One of UO’s Duck Licensees in Hot Water for Forced Labor Practices

UO will revoke license if allegations are true, official says

The Univesity of Oregon’s football team has had a pretty good season with its new head coach Mario Cristobal. Ducks won their first bowl game in three years, the team recruited its best-ever 2019 freshman class and wide receiver Dillon Mitchell just announced his NFL draft ambitions.

If you want to celebrate the season with Ducks gear, you’d better check to see where it came from. There’s a chance it could be made by Chinese-forced labor.

UO Matters, a website operated by UO economics professor Bill Harbaugh, published a post linking to an AP story that reported a network of camps operated by the Chinese government enslaves more than 1 million Muslims.
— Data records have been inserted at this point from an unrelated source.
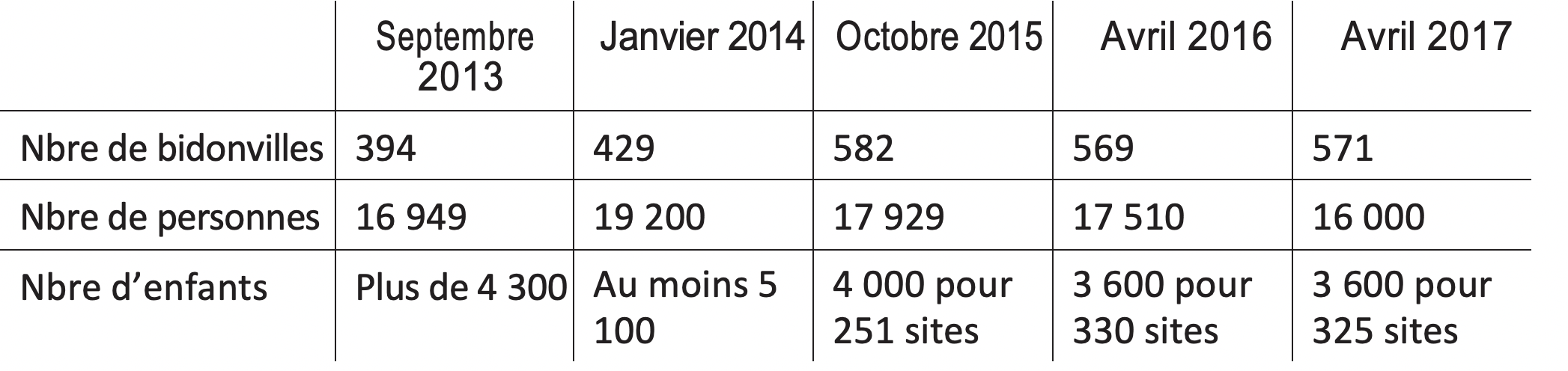 Lecture : en 2017, on compte 3.600 enfants pour 325 bidonvilles. On ne saurait, en toute rigueur, extrapoler ce chiffre pour l’ensemble des 571 bidonvilles recensés.
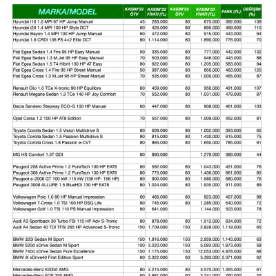 Genel olarak baktığımız zaman premium markalar da dahil olmak üzere otomobil fiyatları ensflasyonun biraz üzerinde artmış görünüyor. Fahiş artışlar daha çok ÖTV diliminin değişmesinden kaynaklanıyor. Ancak örneğin Toyota modellerinin ÖTV dilimi değişmemesine rağmen fiyat artışlarının % 75-91 seviyelerinde olması da gözlerden kaçmıyor. Şimdi gözler ÖTV oranlarının güncellenmesinde. O zaman ne olur? Bu da bir sonraki haberimizde!
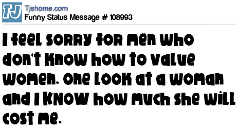 X says I feel sorry for men who don't know how to value women. One look at a woman and I KNOW how much she will cost me.
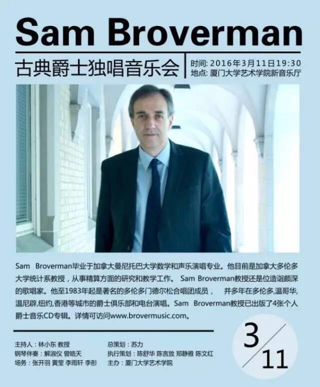 3月11日晚,厦门大学艺术学院新音乐厅迎来了一位特殊的“歌唱家”:多伦多大学统计系Sam Broverman教授。离演出开始还有十几分钟,新音乐厅早已座无虚席:过道上、台前台后的地板上都坐满了慕名而来的老师、同学。
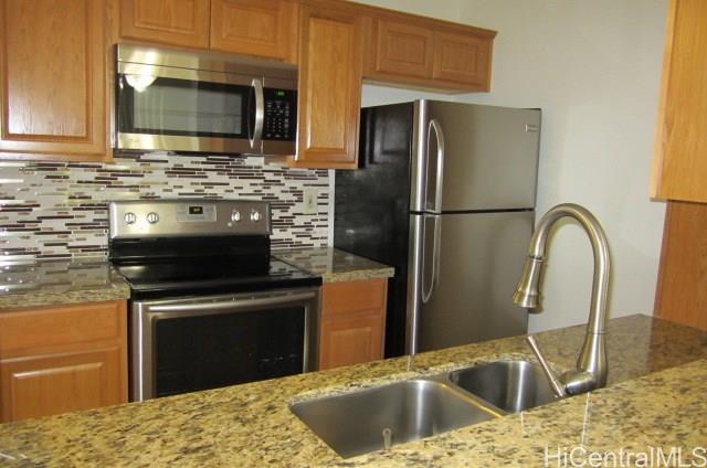 Ideal location at Launani Valley for investors & owners looking for the ideal centrally located property. Well maintained, spacious open floor plan & high ceilings & tastefully remodeled in 2014. Stainless steel appliances, laminate floors throughout, 2 parking & washer/dryer in the unit. Amenities galore…pool, whirlpool, BBQ, basketball court & more. Just minutes away from H.2 freeway on/off ramps, Schofield & Wheeler. Gardens at Launani has it all! Won’t last long.
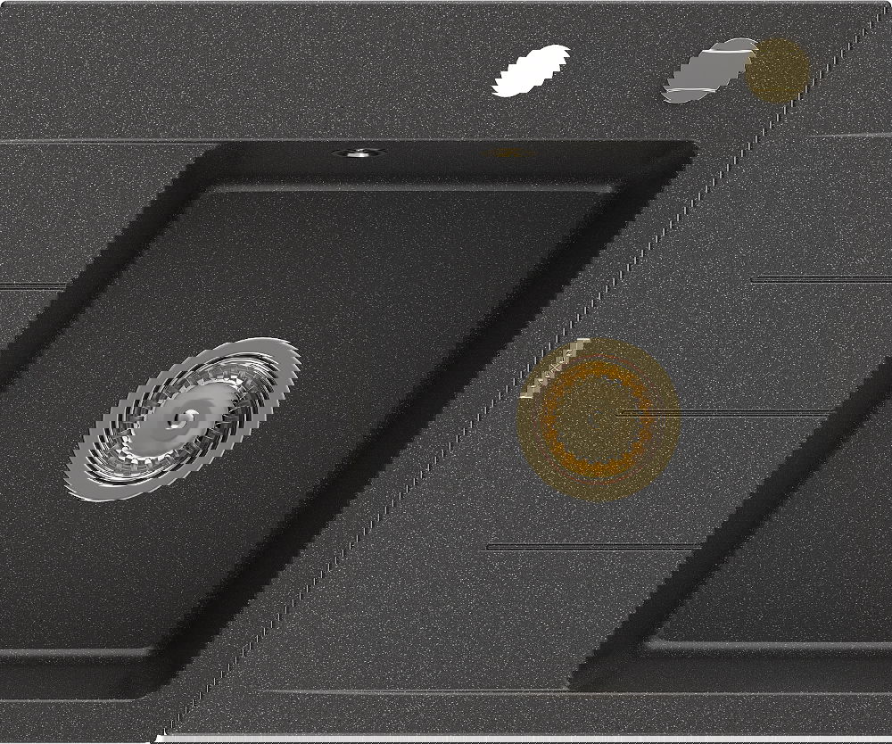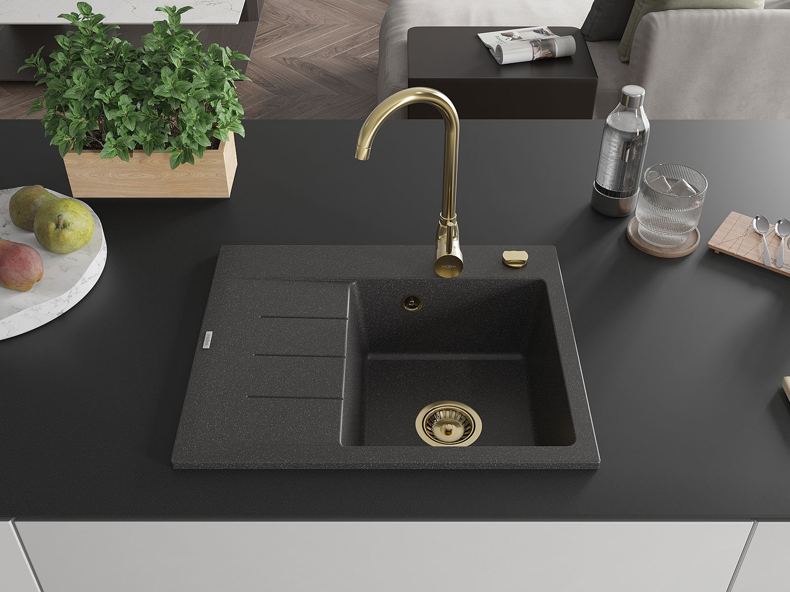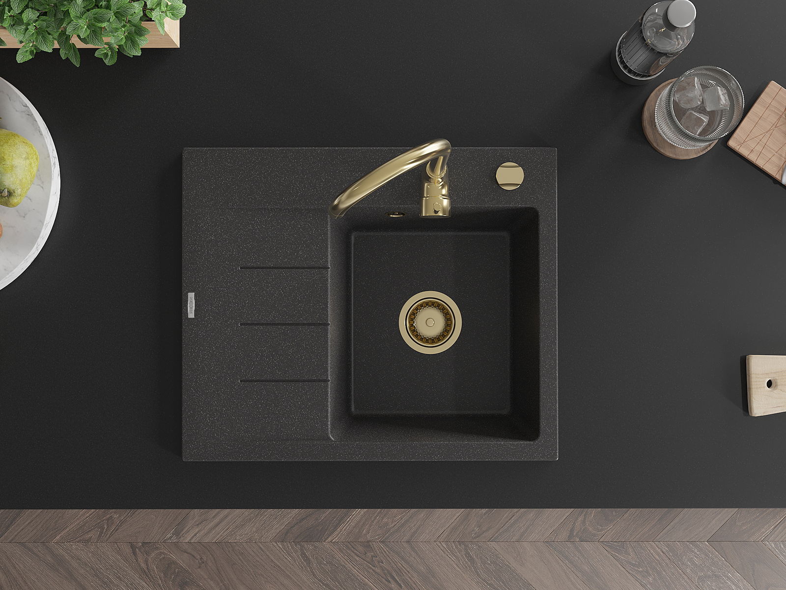 Mexen Ben zlewozmywak granitowy 1-komorowy z ociekaczem prawy 600 x 500 mm, czarny nakrapiany, syfon złoty - 6523605000-76-G

One of the products that the camps make is merchandise for Badger Sportswear, which has a licensing agreement with the UO to produce Ducks clothing.
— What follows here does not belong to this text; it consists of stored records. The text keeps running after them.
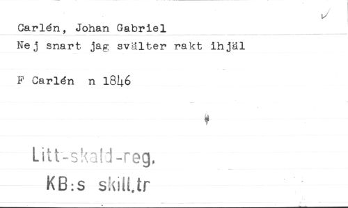 //// Carldn, Johan Gabriel //// Nej snart jag svälter rakt ihjäl //// F Carldn n 1846 //// litt-skati-reg, //// KB:s skill.tr ////
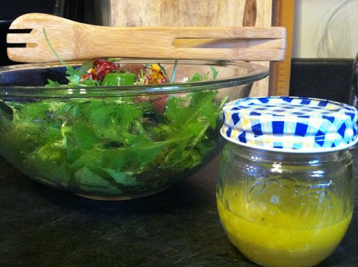 In a medium bowl juice one lemon. Whisk in honey and vinegar. Vigorously whisk in the olive oil slowly to emulsify. Finish with a dash of sea salt and cracked black pepper. Serve with salad greens.
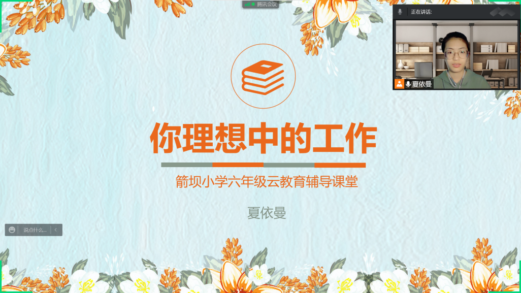 (通讯员 夏依曼)2022年5月10日下午,中南财经政法大学会计学院学生党员志愿服务团成员为云南省盐津县箭坝小学六年级师生开展名为“你理想中的职业”的“云课堂”教学活动,旨在让同学们对职业有初步的认识,了解社会中出现的一些新兴职业,并在学习中挖掘自己的职业兴趣。此次课程由会计学院学生党员志愿服务团成员夏依曼主讲,箭坝小学校长李勇、六年级教师吴老师及六年级全体学生参加了本次活动。

Molly Blancett, UO’s interim spokesperson, says Badger Sportswear accounts for less than 1 percent of the UO’s licensed merchandising.

Badger Sportswear has responded to the allegation through a press statement on the company website. The statement said Badger was misled by the Chinese facility when officials toured it, and have ceased production from the facility. Badger Sportswear has gone on to hire a third party company to investigate the facility.

The AP story says the Chinese production facilities are surrounded by barbed wire and guarded by armed officers and dogs.

Regardless, Blancett added, the UO is investigating the company. If the allegations are true, the UO will sever ties with Badger Sportswear because the UO values “worker’s rights and are committed to working with licensee who share that commitment.”

If UO ends up revoking its licensing agreement with Badger Sportswear, it would follow other universities, according to CBS News, such as Texas A&M, Bowdoin College in Brunswick, Maine, and the University of Maine in Orono.